The relationship between sentence length and negation sensitivity provides further evidence. For MiniLM, the longest negation pair (#10, "The patient has a history of heart disease" / "The patient has no history of heart disease," 10 content tokens vs. 10 tokens) has the lowest cosine at 0.724, while shorter pairs like #11 ("The biopsy results are positive" / "The biopsy results are not positive," 6 vs. 7 tokens) score 0.962. Longer sentences provide more content tokens to dilute the negation signal, but they also provide more unique content to differentiate—the net effect depends on the specific model.
4.4 Cross-Encoder Results
Table 4 presents the cross-encoder performance on negation pairs, using raw model outputs. Note that different models use different output scales, so absolute values are not directly comparable across models; what matters is the relative scoring of negation pairs versus positive controls and negative controls.
Table 4: Cross-Encoder Scores on Negation Pairs (First 15 Pairs)

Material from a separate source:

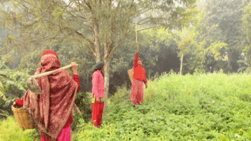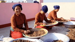 Jawahar Lal has been working with Bandhari for many years. They know each other well, and Bandhari supplies him with herbs of the highest quality. For Ayurvedic blends, Jawahar Lal also uses lemongrass, tulsi, and mint from the fertile plains on the border between Nepal and India, while other herbs are sourced from gatherers in the Dang region, which has an almost tropical climate in the southwest of the country. Another important area, Sankhu, is located northeast of Kathmandu. The Sarlahi region in the south of the country, as well as  local herb markets are another source of the rich variety of herbs used to produce Himalayan Ayurvedic teas. Some of these plants are also grown by local people on their fields using traditional methods without the use of any chemical fertilizers.

| Model | Output Scale | Negation Mean | Negation Std | Interpretation |
|---|---|---|---|---|
| STS-B RoBERTa | [0, 1] | 0.492 | 0.037 | Moderate similarity |
| MS-MARCO MiniLM | [0, ~10] | 8.274 | 0.574 | High relevance |
| BGE-reranker | [0, 1] | 0.058 | 0.069 | Low similarity ✓ |
| Quora RoBERTa | [0, 1] | 0.012 | 0.005 | Near-zero similarity ✓ |
The results reveal a dramatic split among cross-encoder models:
BGE-reranker and Quora RoBERTa correctly handle negation. Quora RoBERTa assigns near-zero duplicate probability (mean 0.012) to all negation pairs, indicating strong negation sensitivity. BGE-reranker also assigns low relevance (mean 0.058), with most pairs scoring below 0.10.
STS-B RoBERTa partially handles negation. The mean score of 0.492 on a [0,1] scale suggests the model recognizes that negation pairs are not identical but does not treat them as fully dissimilar. On the positive side, none of the negation pairs exceed 0.6 similarity. On the negative side, scores around 0.5 would still appear in retrieval results if the threshold is set permissively.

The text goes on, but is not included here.